35 años más tarde, con The Mechanic, Simon West recupera la misma historia con la finalidad de modernizarla. Jasón Stratham -el héroe de acción por excelencia del género en los últimos años- se pone en la piel de asesino al que diera vida Charles Bronson, mientras que el rol de su joven protegido recae en un intachable Ben Foster quien, con su perfecta creación, termina por comerse (literalmente hablando) a su compañero.
Por el camino, la película pierde esa malicia enfermiza de la que hacía gala la del 76, mientras que el metódico y sobresaliente inicio de ésta se transmuta en una corta escena a modo y manera de las aventuras que abren los films de la serie James Bond. De hecho, con tal entrada, Simon West deja claro al espectador que su apuesta estriba en sustituir el lado más oscuro del original por algo más superfluo y banal, aunque decantándose por potenciar un tipo de filmación enérgica y endiablada mucho más acorde con el cine de acción actual.
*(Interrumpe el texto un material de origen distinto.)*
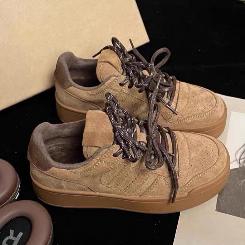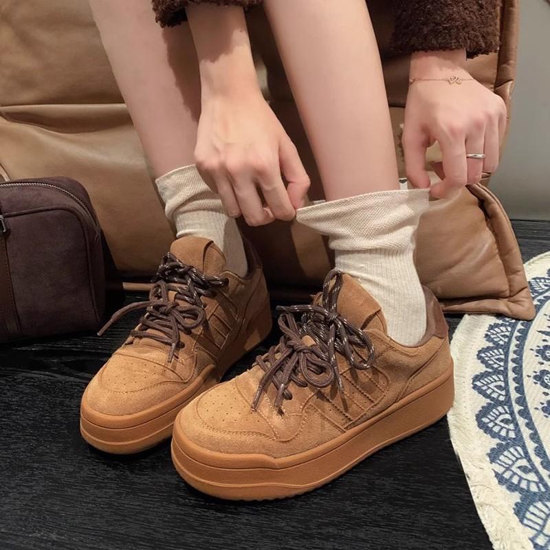 Корейская версия модных белых туфель на платформе женские 2024 новые ретро универсальные бархатные с круглым носком на шнуровке повседневные спортивные туфли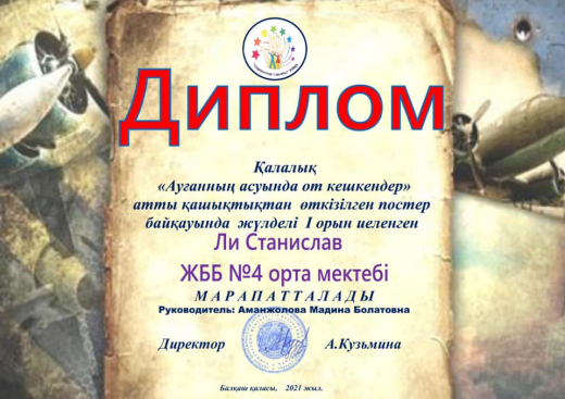 11.02.2021 года подведены итоги городского дистанционного конкурса постеров “Ауғаның асуында от кешкендер”.

Lo que podría haber resultado un verdadero pastiche, se convierte en un trabajo trepidante y narrado con garra. Un entretenimiento sin más, de aquellos que no dejan respiro al espectador. Vacío, pero resultón. La historia está bien perfilada pero, en el fondo, es lo que menos importa en una cinta de estas características: viene a ser la misma de la de Winner, aunque sin los matices morbosos que la hacían interesante. Lo que ahora priva es no aburrir y enganchar a las plateas a través de un imparable remolino de acción y violencia. Y en este aspecto, Simon West lo consigue con nota alta: respeta, a su manera, el hilo argumental del film protagonizado por Bronson, lima eróneamente esas "asperezas" que ahora algunos tacharían de políticamente incorrectas, le imprime mucho nervio y le otorga un look visual y narrativo a la cosa totalmente actual.
Un film de consumo inmediato, del de aquí te pillo aquí te mato, de dieta baja en calorías. No satisface al cien por cien, pero tampoco se indigesta. De propina, aunque de forma fugaz, hasta sale Donald Shuterland. Y ese hombre siempre compensa.
Lástima de esa chicha enfermiza que se ha volatizado durante el traspaso.